Juan Cristobal Guarello (born March 15, 1969, in Santiago) is a Chilean sports journalist. He is the son of Fernando Angel Guarello Zegers and María de Toro Serrano. He studied journalism at the Universidad Diego Portales (1988-1994). He did a diploma in film in the Pontifical Catholic University of Chile. He has worked in Chilean sports Channel 2, Rock & Pop, Chilevision, TVN, El Mercurio among other publications. He has also worked for T & C Sports.

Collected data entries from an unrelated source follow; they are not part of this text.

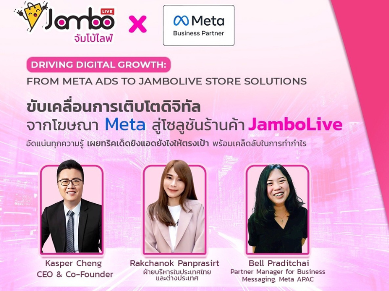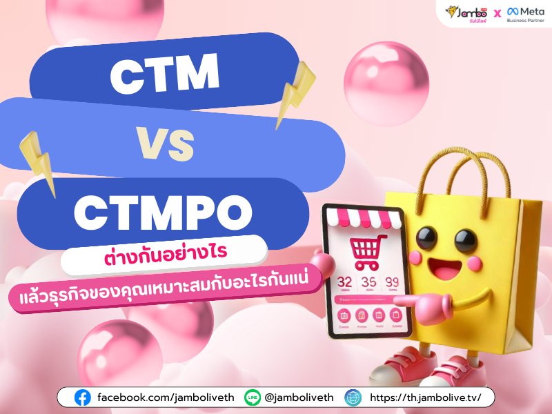 ซึ่งตอนนี้ทั้ง 2 ฟีเจอร์โฆษณาใหม่นี้ ควรใช้พ่วงกับระบบการทำงานหลังบ้าน และยิ่งตัว Facebook Ads – Click to message (CTM, CTX) เนี่ย ยิ่งต้องมีตัวช่วยเป็นระบบดูดออเดอร์ ที่เป็นพาร์ทเนอร์กับ Meta – Facebook ซึ่ง จัมโบ้ไลฟ์ ก็เป็นหนึ่งในพาร์ทเนอร์เช่นกันจ้า !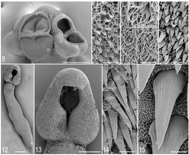 Figs. 8–15. Scanning electron micrographs of Trilocularia eberti sp. n. Note: small numbers in Figs. 8 and 13 correpsond to Figs. 9-11 and 15. Fig. 8. Scolex. Fig. 9. Detail of proximal surface of anterior loculus. Fig. 10. Detail of distal surface of medial posterior loculus. Inset: Enlarged view showing long aristate tips on gladiate spinitriches. Fig. 11. Detail of proximal surface of medial posterior loculus. Fig. 12. Mature free proglottid. Fig. 13. Detail of anterior attachment region of mature free proglottid. Fig. 14. Detail of outer surface of anterior attachment region of immature free proglottid. Fig. 15. Detail of outer surface of anterior attachment region of mature free proglottid. Scale bars: Figs. 8, 12 = 200 µm; Figs. 9-11, 14, 15 = 2 µm; Inset of Fig. 10 = 1 µm; Fig. 13 = 100 µm.
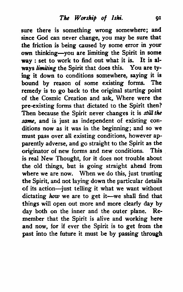 sure there is something wrong somewhere; and since God can never change, you may be sure that the friction is being caused by some error in your own thinking--you are limiting the Spirit in some way: set to work to find out what it is. It is always limiting the Spirit that does this. You are tying it down to conditions somewhere, saying it is bound by reason of some existing forms. The remedy is to go back to the original starting point of the Cosmic Creation and ask, Where were the pre-existing forms that dictated to the Spirit then? Then because the Spirit never changes it is still the same, and is just as independent of existing conditions now as it was in the beginning; and so we must pass over all existing conditions, however apparently adverse, and go straight to the Spirit as the originator of new forms and new conditions. This is real New Thought, for it does not trouble about the old things, but is going straight ahead from where we are now. When we do this, just trusting the Spirit, and not laying down the particular details of its action--just telling it what we want without dictating how we are to get it-- we shall find that things will open out more and more clearly day by day both on the inner and the outer plane. Remember that the Spirit is alive and working here and now, for if ever the Spirit is to get from the past into the future it must be by passing through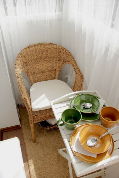 Думаете, что обычный балкон в обычной хрущевке пригоден только для сушки белья, хранения лыж и велосипеда, домашних заготовок, ведер с краской и рабочих инструментов? Нет! Из него можно сделать цивильную террасу для летнего отдыха. Вот например, типичный маленький балкон в квартире-хрущевке. Ширина балкона всего 65 см и длина 2,5 м. Хозяевам, конечно, хотелось бы иметь большой и просторный балкон с местом, где развернуться ))) Но даже из такой крохи можно создать уютное место для романтических завтраков, обедов и ужинов… Приятно посидеть за чашкой чая, да и поработать с ноутбуком можно. Что для этого было сделано? Никаких радикальных ремонтных работ не проводили. Правда, балкон был раньше остеклен, но его не утепляли и не присоединяли к кухне. Обычный балкон. Как у большинства. 1. Вынесли весь хлам. Самое приятное, что расхламление можно сделать совершенно бесплатно. Этот этап не требует никаких вложений, просто надо желание и приложить ручки))) 2. На пол постелили мягкий коврик. 3. На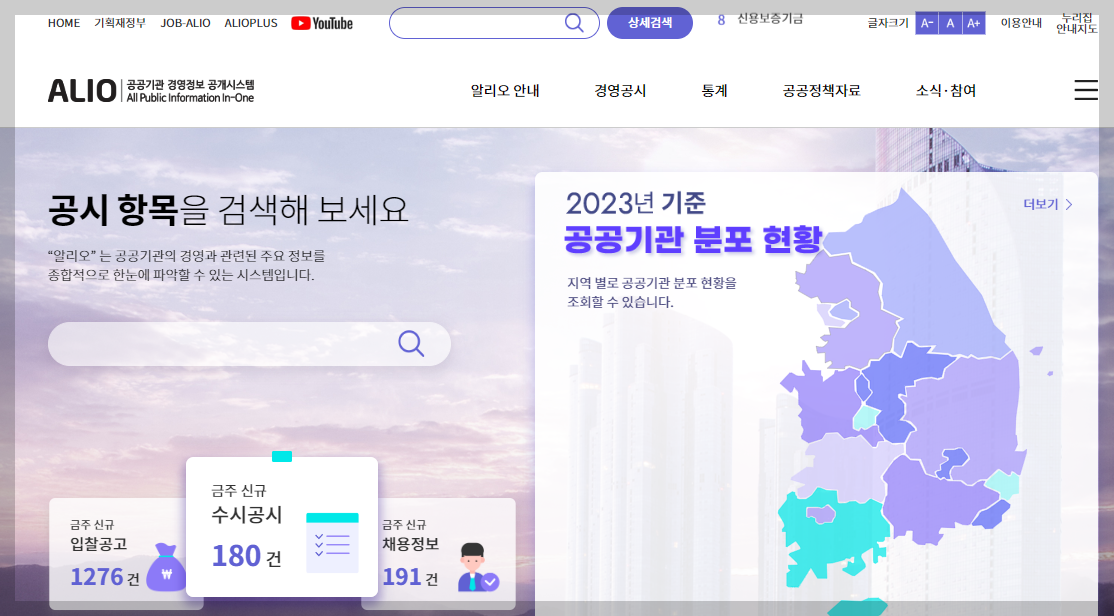 우리나라 공공기관에 대한 자세한 정보는 ALIO(https://www.alio.go.kr/main.do)에서 확인하실 수 있습니다.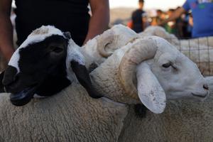 (250603) -- BOUSSAADA, 3 junio, 2025 (Xinhua) -- Imagen del 1 de junio de 2025 de ovejas a la venta...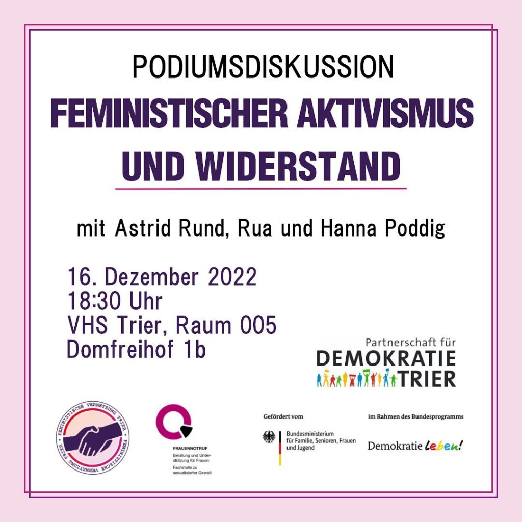 Die Podiumsdiskussion ist eine Veranstaltung von der Feministischen Vernetzung Trier und dem Frauennotruf Trier. Gefördert wird dieses Projekt im Rahmen der Partnerschaft für Demokratie, die Teil des Bundesprogrammes „Demokratie leben!“ des Bundesministeriums für Familie, Senioren, Frauen und Jugend ist.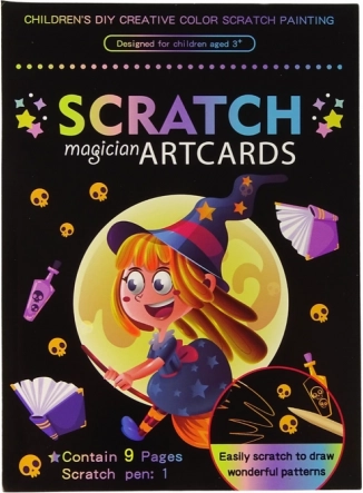 Odkryj kreatywną zabawę z zestawem zdrapywanek do kolorowania dla dzieci z motywami czarownic. Wystarczy zeskrobać czarną warstwę drewnianym rysikiem, aby odsłonić kolorowe ilustracje. Idealne do rozwijania wyobraźni i małej motoryki, praktyczne wymiary dla dziecięcych dłoni oraz bezpieczne wykonanie z certyfikatem CE.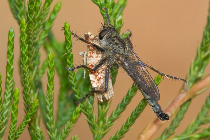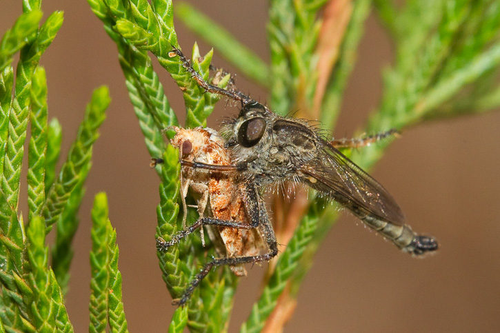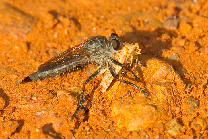 | There will be a few images of Machimus species robber flies on this page. Identification to species level is apparently not possible from these images. The first three images on this page were taken in Bastrop State Park, Bastrop Co., Texas, in April, 2011. The top two shots show a male feeding on a moth, while the third image shows a female with a moth. | ![]() |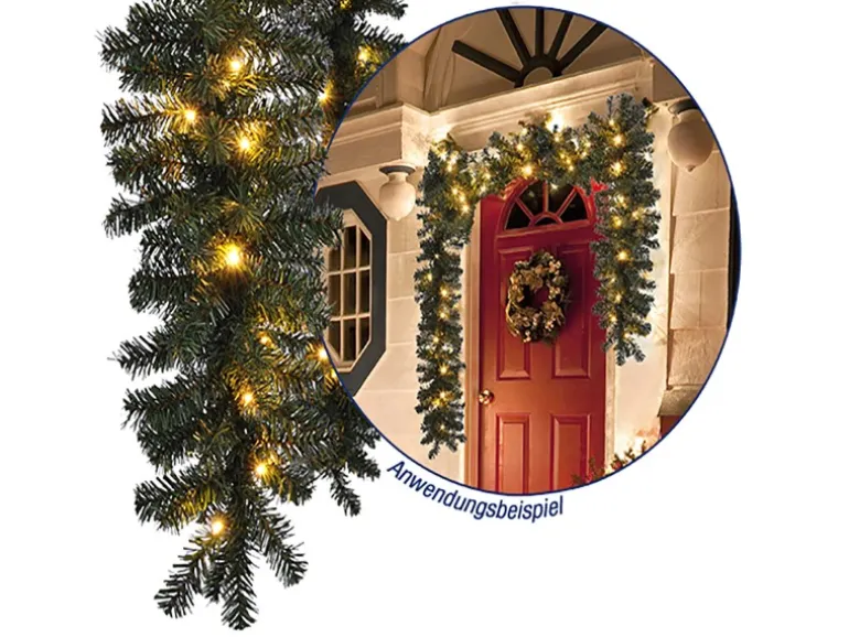 Tannengirlande 2 70 m Beleuchtet mit 35 warmweissen LEDs Weihnachtsdekoration fuer innen und aussenBringen Sie festliche Stimmung in Ihr Zuhause oder Ihren Aussenbereich mit dieser taeuschend echten Tannengirlande. Die 2 70 m lange Weihnachtsgirlande ist mit 35 energiesparenden LEDs in warmweiss ausgestattet und sorgt fuer ein gemuetliches festliches Ambiente perfekt fuer Balkone Gaerten Haustueren Gelaender Fenster oder Marktstaende.Dank der biegsamen Form laesst sich die Girlande flexibel dekorieren ob gewickelt um Treppengelaender als Tuerrrahmenschmuck oder als Tischdekoration. Die batteriebetriebene LED Lichterkette ermoeglicht kabellosen Einsatz ueberall dort wo Sie weihnachtliche Akzente setzen moechten.ProduktmerkmaleTaeuschend echte Tannengirlande aus hochwertigem KunststoffLaenge 270 cmDurchmesser ca 18 cmBeleuchtung 35 warmweisse LEDs fuer stimmungsvolles LichtBatteriebetrieben 2 x AA nicht enthalten flexibel platzierbarFuer Innen und Aussen geeignet wetterfest und langlebigEnergiesparend moderne LED Technik mit geringem VerbrauchLeicht formbar ideal zum Umwickeln Drapieren und AufhaengenMit dieser beleuchteten Tannengirlande zaubern Sie im Handumdrehen festliche Weihnachtsstimmung egal ob im Haus auf der Terrasse oder im SchaufensterTipp Kombinieren Sie mehrere Girlanden fuer eine noch eindrucksvollere Weihnachtsdekoration

He is currently the director of the publication El Gráfico (Chile); a sports commentator for Channel 13 and ADN Radio Chile and writes a column for the Publimetro.

==Political views==
From 1988 to 1994, he was a member of the Communist Party of Chile.

==Books published==
Juan Cristóbal Guarello has written and published 5 books in which he details the hidden history of Chilean football.
- Anecdotario del fútbol chileno (con Luis Urrutia O'Nell) (2005)
- Historias secretas del fútbol chileno (con Luis Urrutia O'Nell) (2007)
- Historias secretas del fútbol chileno II (con Luis Urrutia O'Nell) (2008)
- Historia de la clasificación Sudáfrica 2010 (con Luis Urrutia O'Nell) (2010)
- Anecdotario del fútbol chileno II (con Luis Urrutia O'Nell) (2011)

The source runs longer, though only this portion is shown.